PICKPLACE unterstützt Projekte rund um Software Architektur Embedded Systems vor allem in drei Bereichen: Architektur-Definition, Refactoring und Dokumentation bestehender Architekturen. Die konkrete Ausprägung richtet sich nach dem Zustand der Software, dem Entwicklungsstand des Produkts und den geplanten Änderungen.

Bei der Architektur-Definition strukturieren wir Anforderungen, Hardwarebezüge, Betriebssystemanteile, Treiber, Applikationslogik und Schnittstellen zu einem umsetzbaren Softwarekonzept. Dazu gehört die Aufteilung in Module, die Beschreibung von Verantwortlichkeiten und die Festlegung der Kommunikation zwischen den Softwareteilen. Je nach Projekt werden auch Task-Strukturen, Zustandsmodelle, Datenflüsse oder Abhängigkeiten zu Peripherie und Kommunikationsschnittstellen betrachtet.

Bei bestehenden Systemen analysieren wir die vorhandene Architektur anhand von Code, Dokumentation und bekannten Projektanforderungen. Ziel ist, den tatsächlichen Aufbau sichtbar zu machen und Abhängigkeiten zu erfassen, die für Weiterentwicklung, Fehlersuche oder Migration eine Rolle spielen. Daraus können Architekturübersichten, Modulbeschreibungen oder Schnittstellenklärungen entstehen.

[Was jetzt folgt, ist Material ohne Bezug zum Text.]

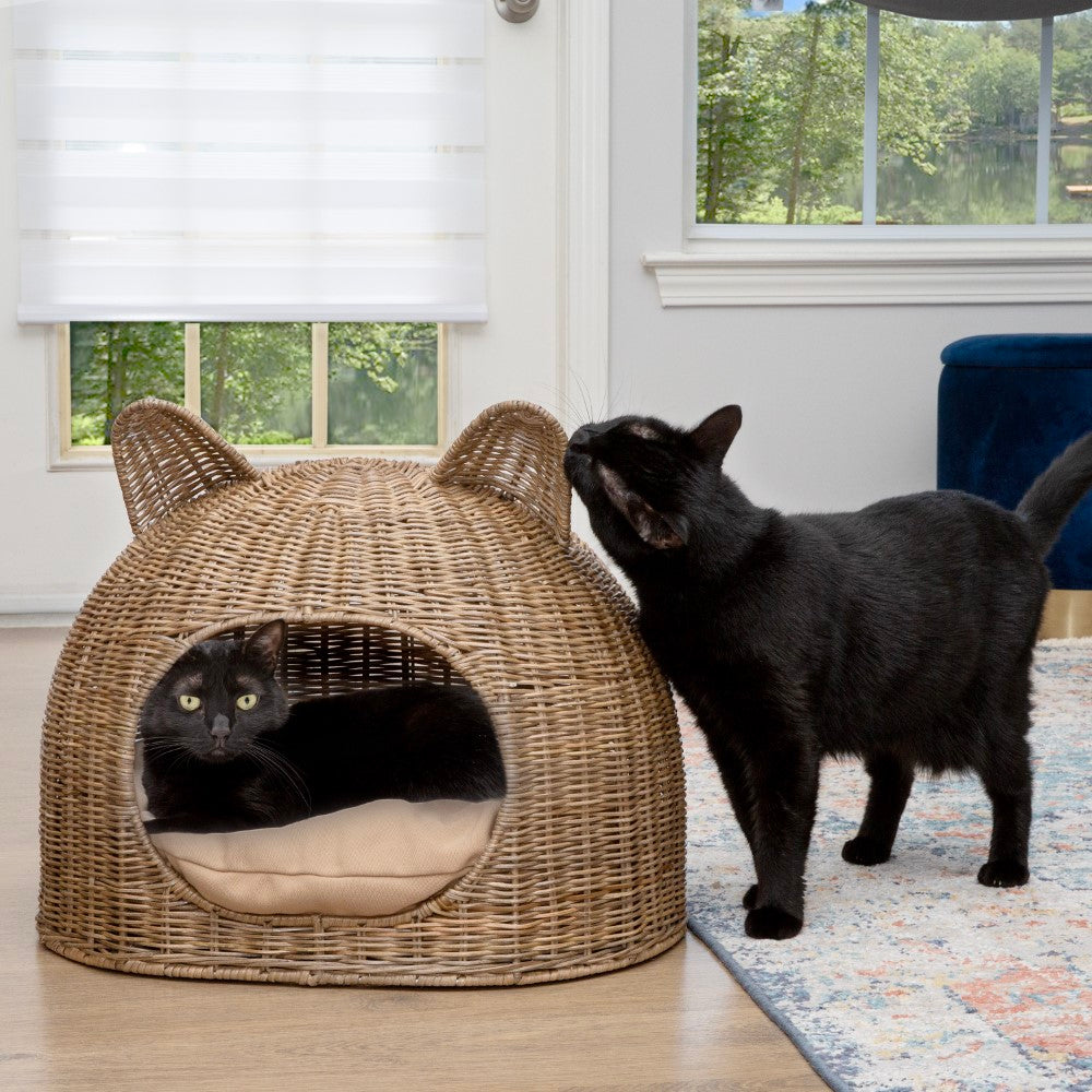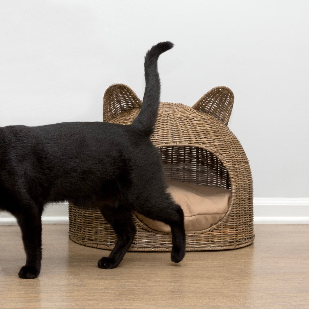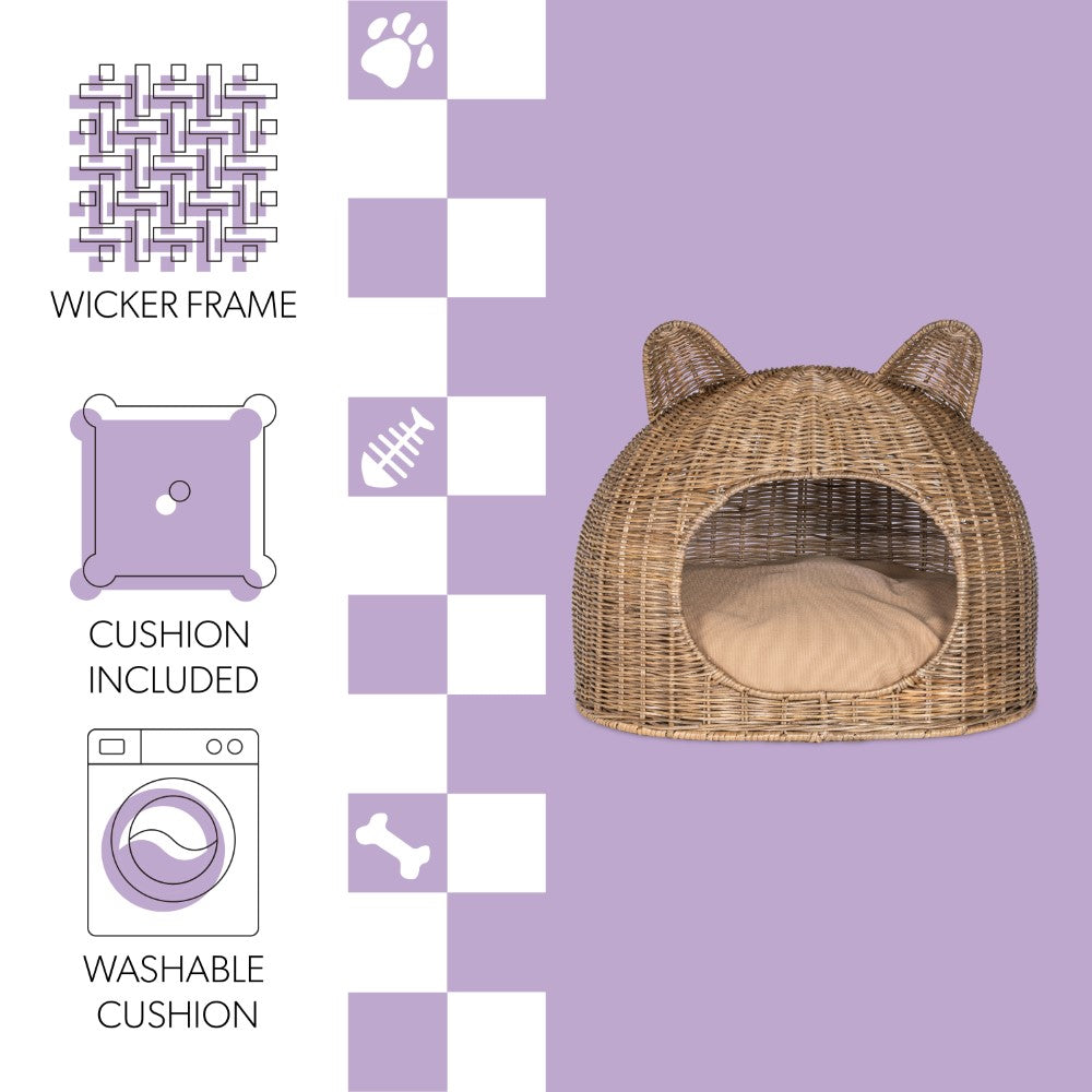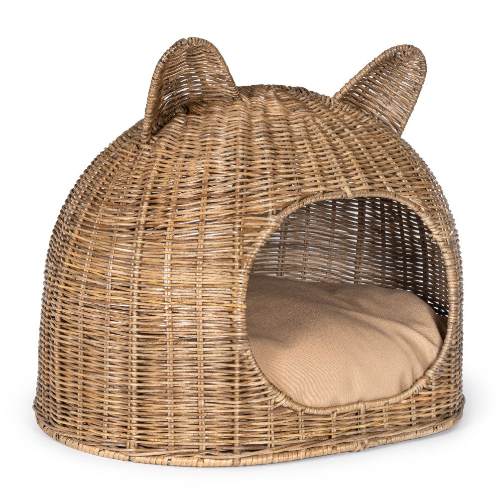 Make your cat feel at home with our novelty cat ear shaped wicker bed. Designed with a cozy dome shape and cat ears, this bed will fit in well in any bohemian or cottage styled home. At 20 inches wide, this bed can fit any adult cat.

Im Refactoring unterstützen wir dabei, gewachsene Softwarestrukturen gezielt zu überarbeiten. Typische Aufgaben sind die Trennung vermischter Zuständigkeiten, die Entkopplung hardwarenaher Zugriffe von Applikationslogik, die Präzisierung von Schnittstellen oder die Vorbereitung einer Erweiterung. Dabei wird berücksichtigt, dass Embedded Software oft durch Speicher, Laufzeit, Hardwarezugriffe und vorhandene Testmöglichkeiten begrenzt ist.

Für die Dokumentation bestehender Architekturen erstellen wir nachvollziehbare Beschreibungen der Softwarestruktur. Diese Dokumentation kann Entwicklungsentscheidungen festhalten, den Einstieg in eine Codebasis erleichtern oder als Grundlage für weitere Umsetzungsschritte dienen. Im Mittelpunkt stehen die Informationen, die im Projekt benötigt werden: Modulaufbau, Schnittstellen, Datenflüsse, Zustände, technische Abhängigkeiten und bekannte Grenzen der vorhandenen Struktur.